Ночью не спится, приходится и на дому догонять ещё спиртным. Мучаюсь не полностью безосновательными подозрениями, что за мной по пятам идёт наёмный убийца, а то и два разных. Слава богу, что я овдовел до полного краха, получается, хоть от этих мытарств оградил жену, а ведь к концу жизненного пути ещё ни один издатель их не избежал. И хотя по ночам я нередко задаюсь вопросом «почему я? с какой стати?», в глубине души мне всё понятно — не судьба. Одиночество укрепляет душу. Это сказал Ницше (чей карманный цитатник я издал в 69-м году, с большим, кстати, успехом, тогда как раз была в полном разгаре вся эта гнусь в Тлателолько), а также Флорес Магон (которого мы запустили в виде бойкой коротенькой биографии пера одного аспиранта-юриста, и тоже неплохо пошло).

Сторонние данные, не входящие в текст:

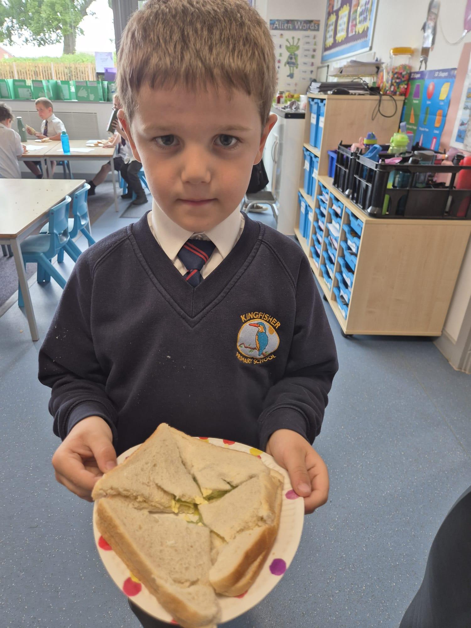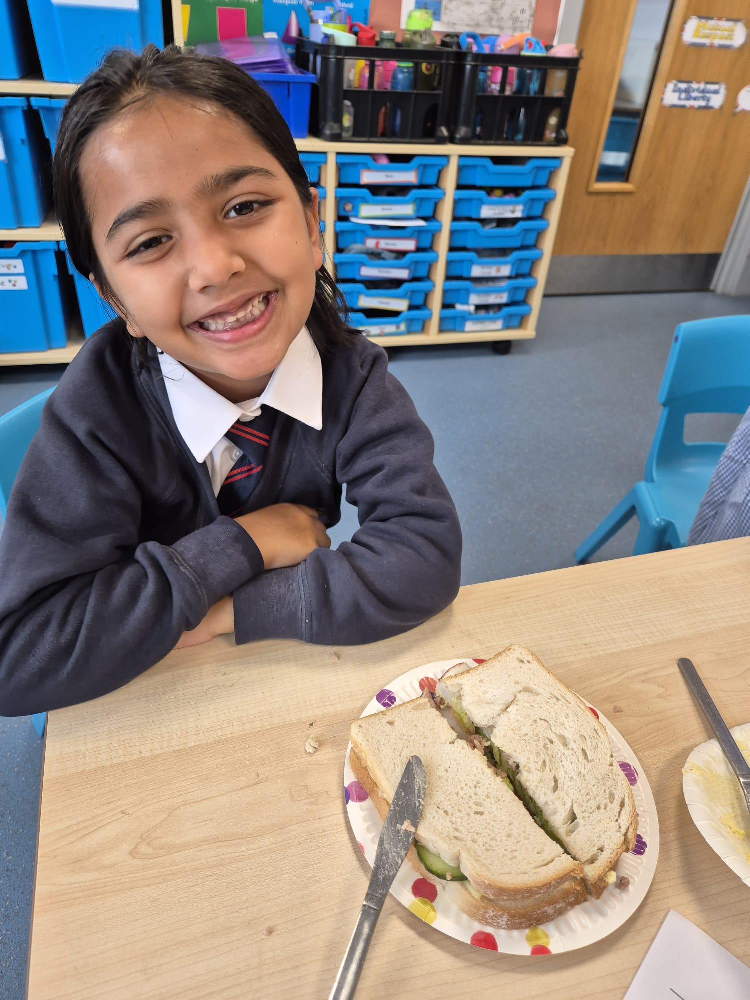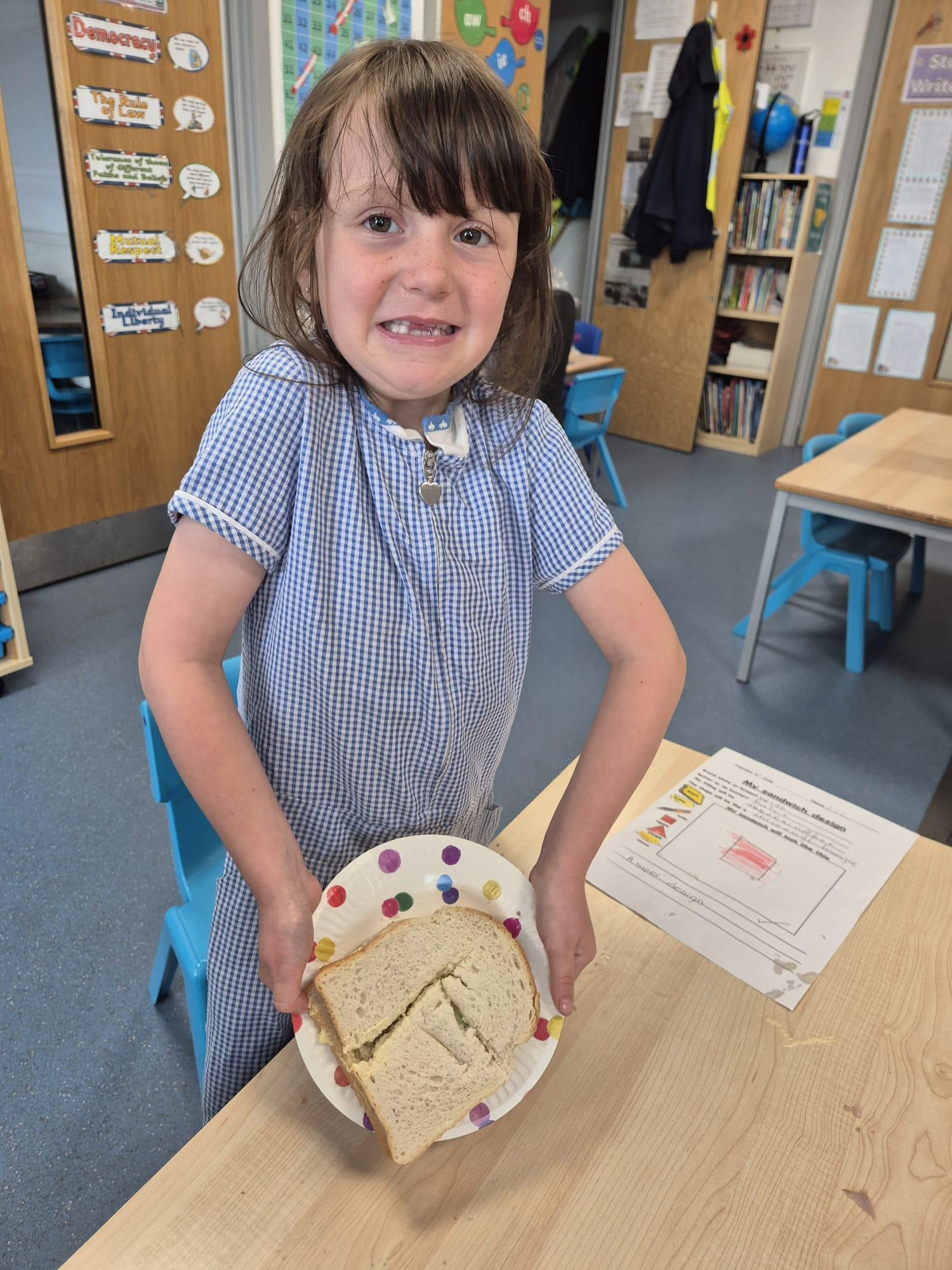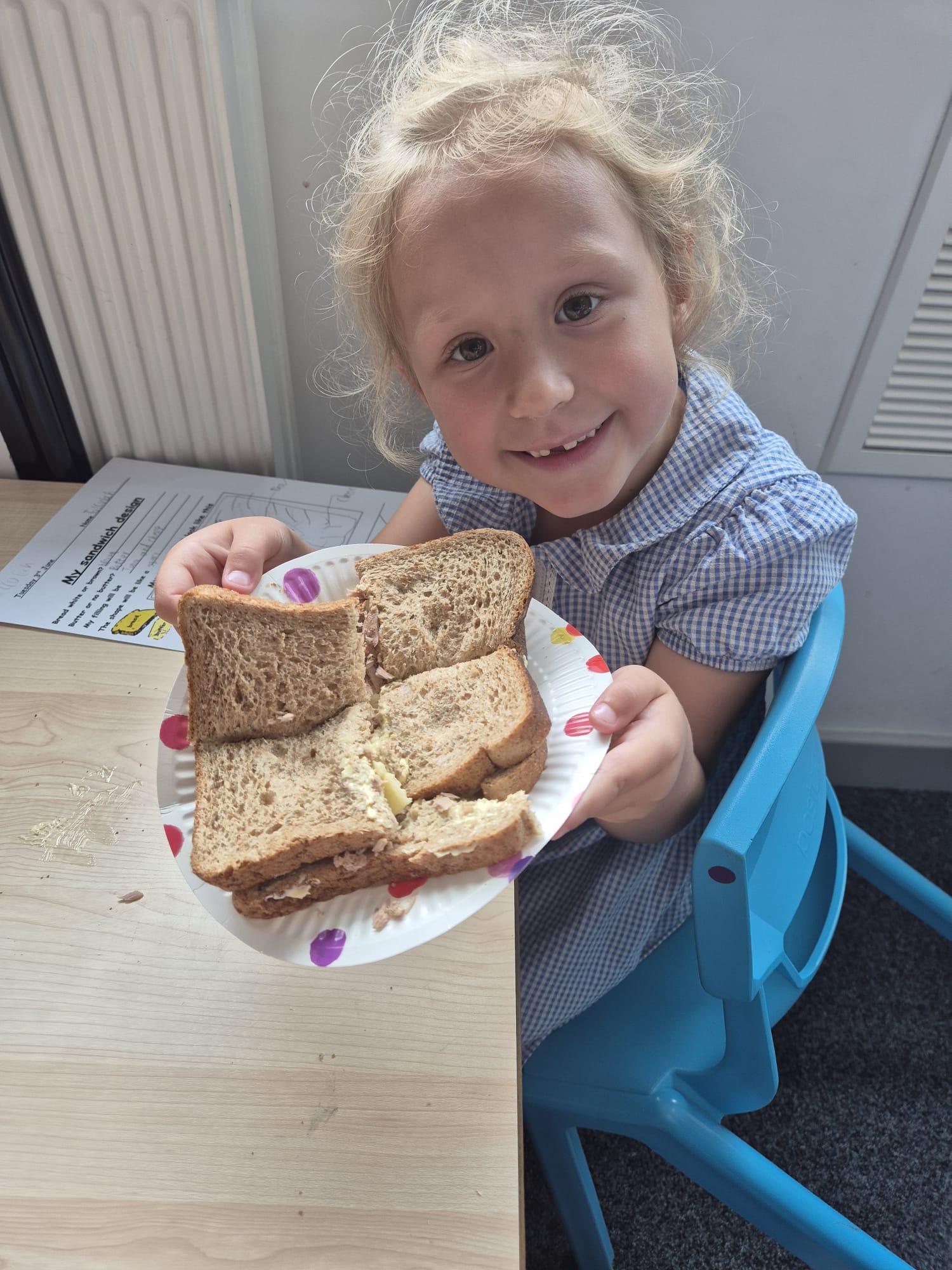 Last week, the Dragonfly children had a wonderful time designing their own sandwiches, carefully choosing their favourite ingredients. This week, their excitement bubbled over as they finally got to make them! With a selection of fillings including ham, cheese, egg, tuna, and jam, each child created a sandwich that was uniquely their own. They confidently spread, layered, and assembled their tasty creations, proudly showing off their finished sandwiches before enjoying every bite. It was a joyful, hands-on experience that combined creativity, independence, and a little bit of delicious fun!
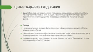 Документ анализирует роль вкладов физических лиц в формировании ресурсной базы коммерческого банка на примере ОАО ВУЗ-банк. Он охватывает классификацию вкладов, теоретические аспекты депозитной политики и текущее состояние рынка вкладов в России, а также предлагает рекомендации по улучшению привлечения вкладов. Основное внимание уделяется структуре депозитов, их характеристикам и стратегиям развития банковских услуг для увеличения привлечения депозитов от населения.
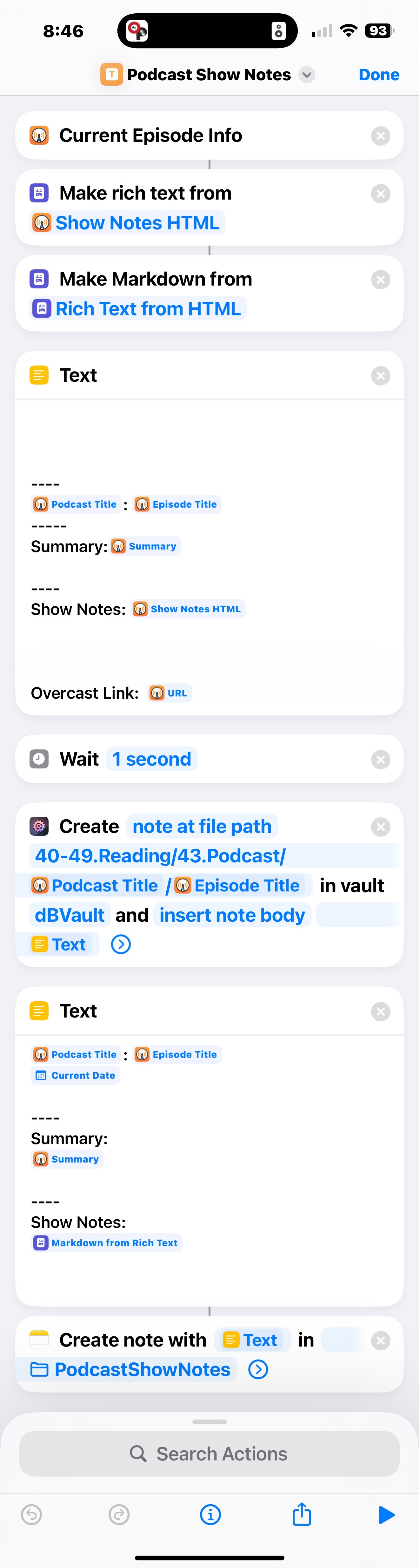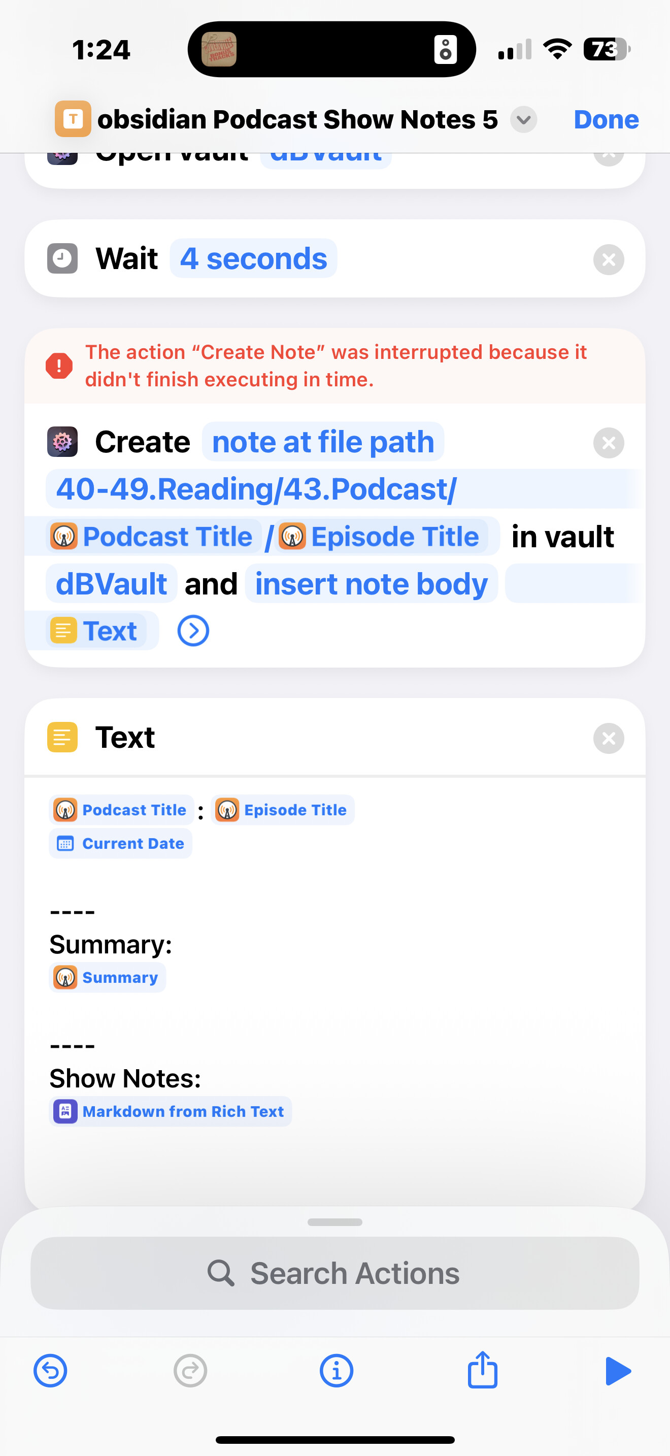 I’ve got a shortcut to save podcast show notes that’s been running for months w/o a problem, and all of a sudden, it’s been hanging at the Create a note action. The paths’ in my vault haven’t changed, and my podcast app seems to be returning the same information. Has something with Actions changed recently?
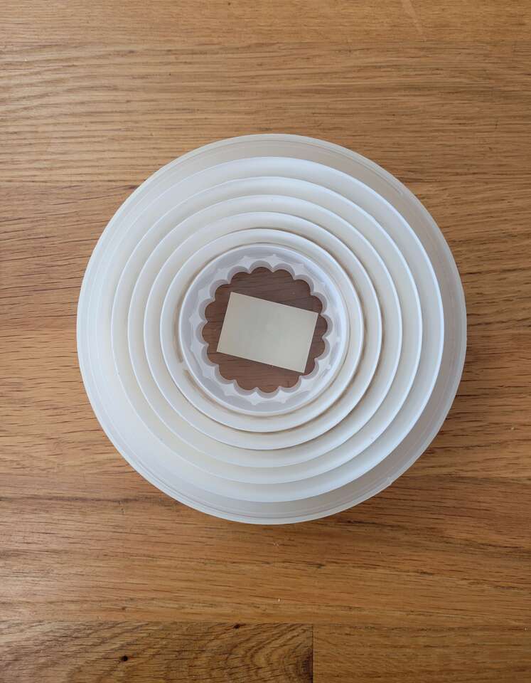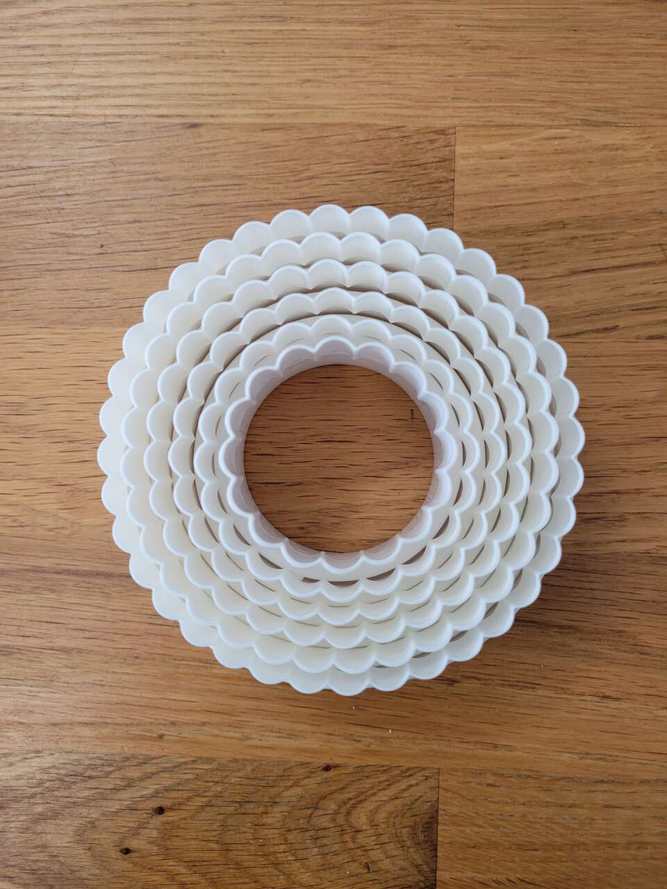 VenmoCut plain or scallop and size ranges from 1 7/8” to 3 7/8”. Never used.
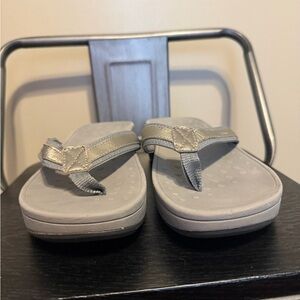 Vionic High Tide Silver Thong Wedge Sandals Women’s 9 Orthotic
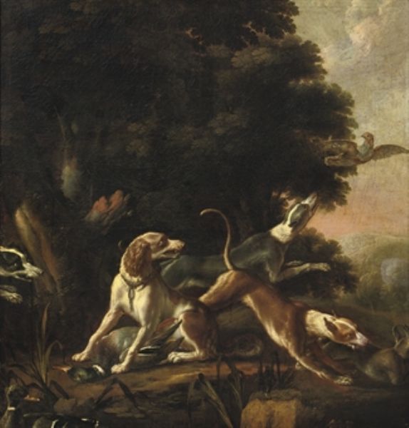 Hounds chasing game in a wooded landscape

Одиночество укрепляет душу. Чистая истина. И вместе с тем утешение для дураков. Стоит ли так восхвалять одиночество, от которого и хотел бы, да никак не можешь избавиться? Никто и близко ко мне теперь не подойдёт. Ни даже козёл Варгас Пардо, который давно, с понижением в должности, перешёл в другое издательство, никто из окололитературных персонажей, роившихся вокруг меня в лучшие дни. Кому и зачем подходить слишком близко к движущейся мишени? Кому и зачем подходить к предмету с запахом падали? Зато теперь я изведал то, о чём раньше только догадывался: каждого издателя в конце пути подстерегает наёмный убийца. Он может быть знаменит или полностью безграмотен, но стоит всегда на стороне тёмных сил, служит их интересам, которые — вот парадокс! — иногда совпадают и с нашими в их пустоте и ничтожности.
[32] Pinchas Lapide — сочетание слов, имеющих множество значений в испанском языке, в т. ч. сленговых, например: «наколка на камне», «каменный прикол».